Яблоком и курицей я кормила ребенка. Яблоко было зеленое — полезное, а курица — синяя, потому что без очереди и за рупь семьдесят. Иногда еще родители с криком: «Ты не мать, а фашистка!» распахивали мой холодильник и закидывали туда… курицу! Но все же розовую — из кулинарии — за три восемьдесят.
Так и жили…
А главное был — Пушкин. Пушкин был «Наше Все». Никто не верил ни в Бога, ни в Советскую власть, ни в Россию — а в Пушкина все верили и всегда. Он висел на небе Солнцем русской поэзии и просвечивал дырочкой в левом боку.
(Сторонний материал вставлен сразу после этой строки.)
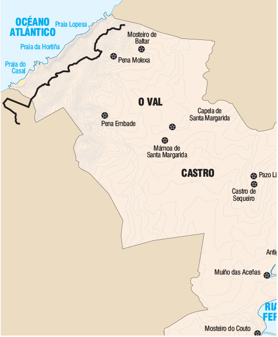 Na paisaxe alternan cantís e praias que atravesan os concellos de Ferrol, Narón e Valdoviño.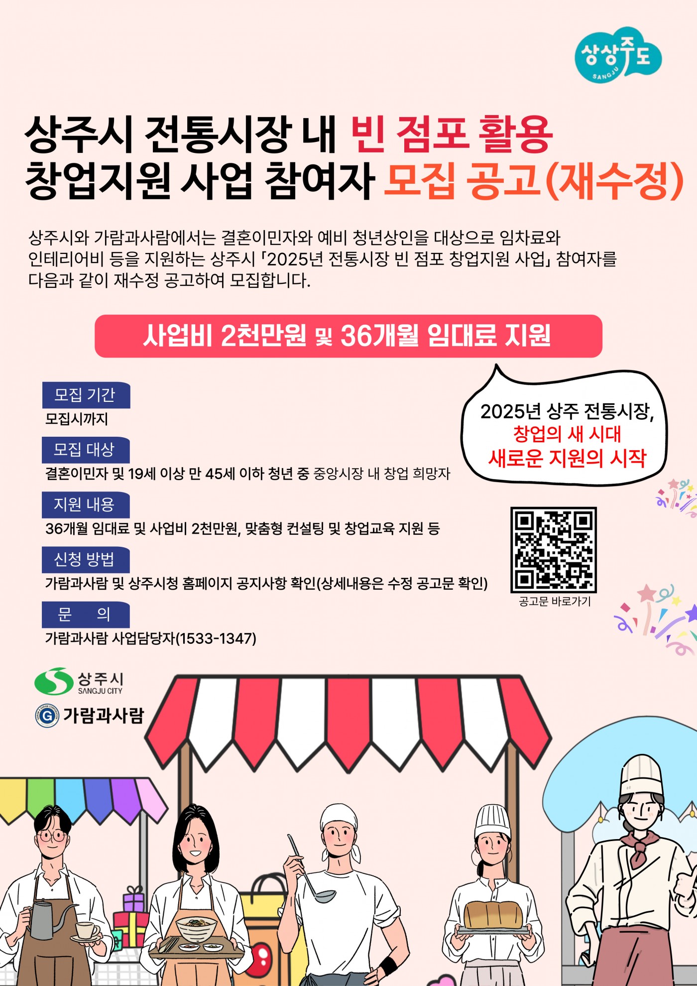 [가람과사람] 상주시 2025년 전통시장 빈 점포 창업지원 사업 참여자 모집 공고(재수정) 관리자 0 481 2025.11.10 11:47 2025.11.10 12:55 1. 공고문_상주시 2025년 전통시장 빈 점포 창업지원 사업 참여자 모집재수정.hwp (1.2M) + 33

И Маяковский просвечивал, и Лермонтов, а снизу болтались на своих веревочках Марина и Сережа — «золотые головы», как елочные игрушки, и все остальные вокруг; самым младшим стал Башлачов, наверное, они гоняли его за небесной водкой и ему выдали Гермесовы крылатые сандалии — чтобы легче леталось из окна…
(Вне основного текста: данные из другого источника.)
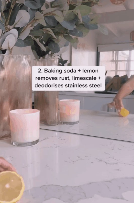 不妨能直接利用酸性的柠檬,再加上小苏打的清洁力,能一并去除水槽油污和水垢,快速简单,又能留下清香气味。

С ними было не страшно. И за Полю не страшно — от яблока и курицы — выживет ее тело, а от Пушкина и Ко — душа. А потом сделалась вот эта — точно из учебника истории — НЕкровавая реформистская революция. Сначала пошатнулось яблоко. Я помню свою первую очередь за яблоками — летом — на Петроградской — я стояла часа два с половиной. Тогда я испугалась — и стала вместе со всеми ждать гражданской войны.
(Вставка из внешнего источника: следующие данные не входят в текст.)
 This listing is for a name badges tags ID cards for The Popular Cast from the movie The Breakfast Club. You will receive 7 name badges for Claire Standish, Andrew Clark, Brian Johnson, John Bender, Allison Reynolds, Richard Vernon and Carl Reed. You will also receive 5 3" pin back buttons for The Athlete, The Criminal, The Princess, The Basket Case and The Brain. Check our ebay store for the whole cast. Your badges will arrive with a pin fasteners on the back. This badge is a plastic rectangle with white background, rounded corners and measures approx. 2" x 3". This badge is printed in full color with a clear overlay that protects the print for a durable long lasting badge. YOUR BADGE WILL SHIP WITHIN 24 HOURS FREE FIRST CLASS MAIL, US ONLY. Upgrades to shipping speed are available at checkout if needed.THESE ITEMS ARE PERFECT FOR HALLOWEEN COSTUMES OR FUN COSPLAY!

А потом к гражданской войне подошли вплотную — и тут пошатнулся мой Пушкин — он стал получаться вроде как и не мой, а лишь временно взятый напрокат. И все — не мои: и Марина, и Сережа, а мне только Мандельштам остается и еще, почему то Фаня Каплан, (нет, конешно, все-таки Леня Канегиссер — он был поэтом). В общем, подошли вплотную к Гражданской и пришла пора отвечать за козла. Или отрекаться — но гены не позволяют. Дедушка в 13 лет убежал из Парголова в царский торговый флот, а брат его — дядя Наум устроил революцию в доме собственного отца — обойщика мебели, красавца, любовника баронессы (так гласило семейное предание). Дядю Наума я никогда не видела — его не любили, он не сидел — попал в один список с Крупской, и Сталин этот список не подписал — больше оттуда никого не трогали. У него было 4 жены, а дети его умерли ужасно: Тамарку зарезал пьяный араб, (она стала валютчицей), а Володька получил передозняк — дети Дома на набережной. В Питере все они никогда не появлялись. В войну дядя Наум ушел на фронт добровольцем — политруком. И 4-я жена Клава была медсестра, которая вытащила его раненого из воронки — он там все в атаку бегал.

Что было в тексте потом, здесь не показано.